Arts & Ammo

High Caliber Culture

The Academic Coup d’Etat

John Silber, President Emeritus of Boston University, has some advice for the New School:

The recent attempts to drive Robert Kerrey from the presidency of The New School are reminiscent of how Larry Summers was driven from the Harvard presidency in 2006 and, further back, how controversies, real and specious, roiled American campuses in the 1960s and 1970s. If the Trustees of the New School are at all tempted to give in to demands for Kerrey’s head, these previous academic power struggles ought to send them one clear message of warning: lose a president to a coup and you will fail in the governance of your campus.

Silber earned recognition during his tenure at Boston University for championing causes unpopular with the left.  But he survived attempts by faculty and certain trustees to remove him.  Typical of Silber’s style was this response to campus protests of the Vietnam war:

I informed the students at their rallies that if they wanted to change the policies in Vietnam they would have my support, but that they should go to Washington, DC, where the foreign policy of the United States is made.

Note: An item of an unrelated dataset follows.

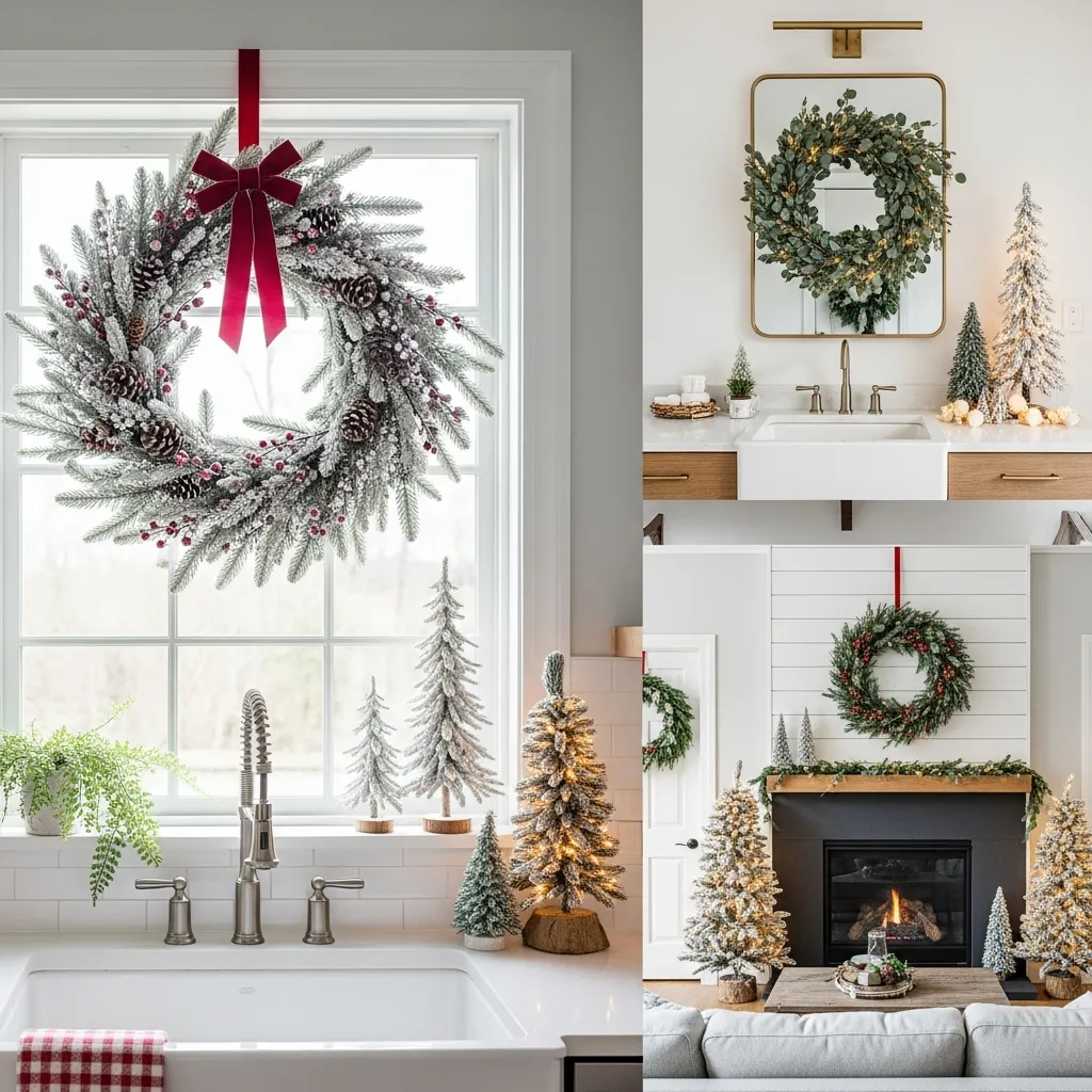 Why limit yourself to one wreath? I hang them in my living room, over the kitchen sink window, even in the bathroom (yes, really). Pair them with mini trees and suddenly your neutral space has personality. My mom thought I was crazy until she saw it, then she copied me. Vindication feels good.
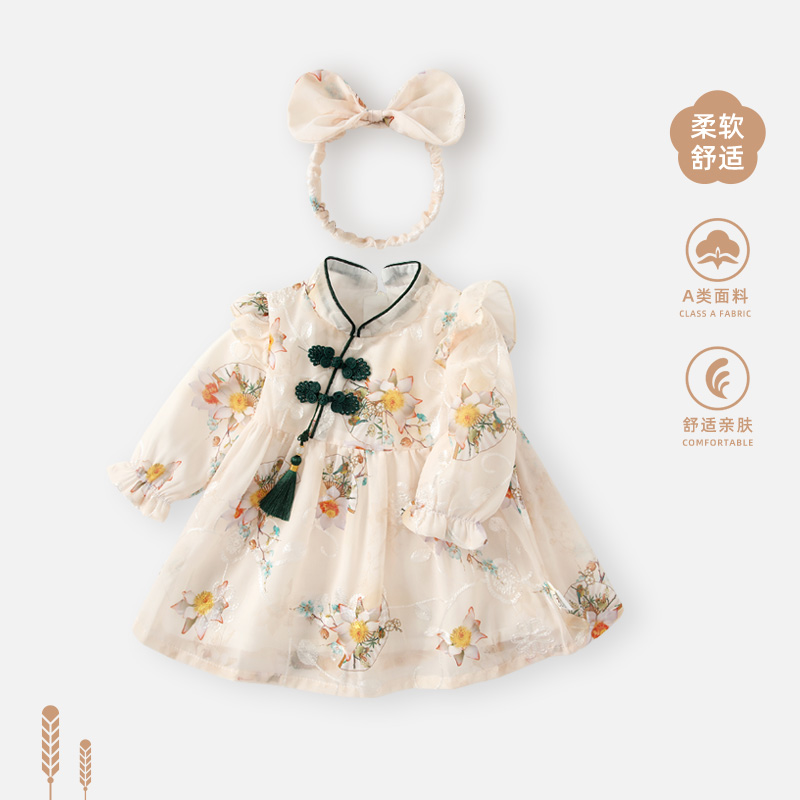 女宝宝连衣裙2025新款 国风汉服裙子女童婴儿周岁礼服公主裙夏 秋装

Academia would do well to find a lot more administrators with this kind of common sense and backbone.

Naturally Silber got no credit from the left for this:

Silber was the first chair of the Texas Society to Abolish Capital Punishment and a leader in the integration of the University of Texas. He was involved in the creation of Operation Head Start.

February 28th, 2009 Posted by Fitzroy | Ammo, Education | no comments

Helen and Marie

Snopes says it ain’t so, but some day someone is going to debunk Snopes itself.

It seems entirely logical, though perhaps not accurate, to follow yesterday’s musings on Helen of Troy with a note about champagne. Accuracy is not highly prized at the bar anyway.

There is truth in lore, even when the historical details are in disarray. I refer, of course, to the shape of the champagne coupe. The saucer-shaped glass has fallen out of favor in preference for the flute, which preserves the chill and bubbles for slow drinkers. But the coupe has a sensuous shape, and stories have sprung up about how it was modeled on (or actually molded from) the breast of some famed beauty: Marie Antoinette, Madame de Pompadour, Helen of Troy.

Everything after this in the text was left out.